Through sheer determination, Leigh held back her illness so that she could continue her work, following each episode of mania with apologies to her friends. She could be in the midst of an episode, shaking from the intensity of it off camera, pull herself together for a scene, and then return to the sidelines, once again in agony.

Leigh's good manners, style and professionalism endeared her to friends, co-workers and an adoring public. The enduring halo of Scarlett cemented that goodwill, and had she not succumbed to tuberculosis at age 53, it is likely that she would have kept her prestige. She was not one to fade away into obscurity.

Bean is a compassionate biographer, and she has constructed a loving, balanced portrait of the actress. She acknowledges that Leigh was not always an angel, sharing Streetcar co-star Karl Malden's story of how the actress snubbed his wife at a social event and tales of her infidelities with other actors. Explored here in detail are the complexities of a woman who essentially abandoned her baby daughter, while she eventually became a maternal figure to Olivier's son Tarquin, from whose mother she stole his father. There are two dark Viviens at play here: one who sins because of a manic episode and another who rebels against convention to pursue her passions.

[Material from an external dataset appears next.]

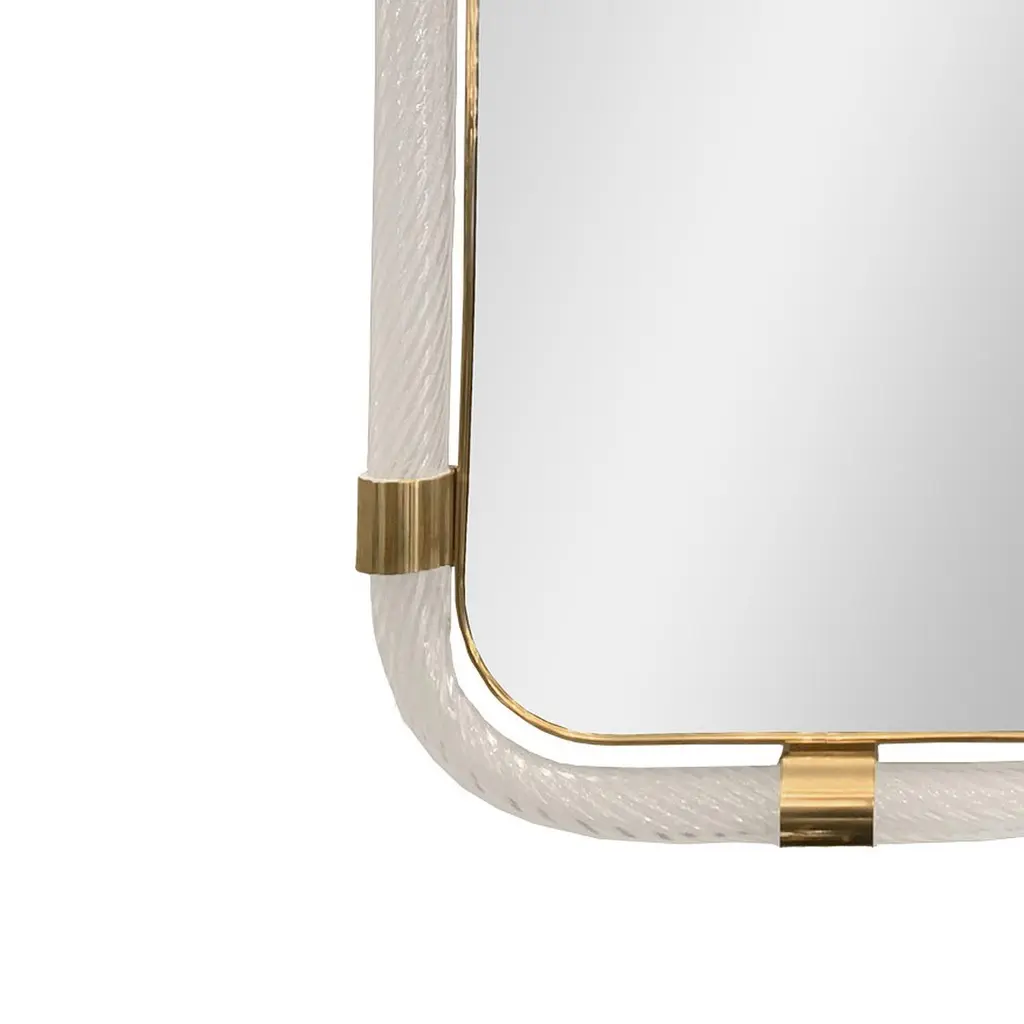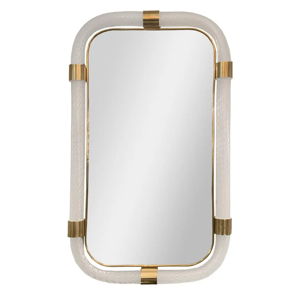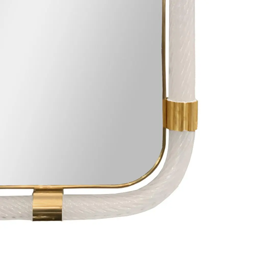 Elegant Murano twisted glass rectangular mirror with radial corners and brackets in polished brass. Inspired by the artistry of Angelo Barovier. Italy, 2022.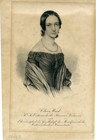 Schumann, Clara. (1819–1896). Lithograph Portrait. A lovely portrait of the great German pianist and composer, wife of Robert Schumann and famous muse of Johannes Brahms, described in the caption as "Clara Wieck, Chamber Virtuoso to the Austrian Court and Honorary Member of the Society of Friends of Music of the Austrian Empire." She shown as a young woman ca. 1838, having earned these titles after dazzling audiences in Vienna at age 18. Still known as Clara Wieck, she would marry Robert Schumann three years later in 1841.

Though Intimate Portrait could stand on its text alone, the photos that Bean has found, many of them previously unpublished, are striking and sometimes astonishingly revealing. From public appearances, to cozy private picnics, these images reveal a glamorous and yet down-to-earth woman with an intoxicating verve for life. The overall book design is beautiful as well, sensual almost, with rare attention to details including color, endplate design and organization. It is an elegant presentation worthy of its subject.

Many thanks to Running Press for providing a copy of the book for review.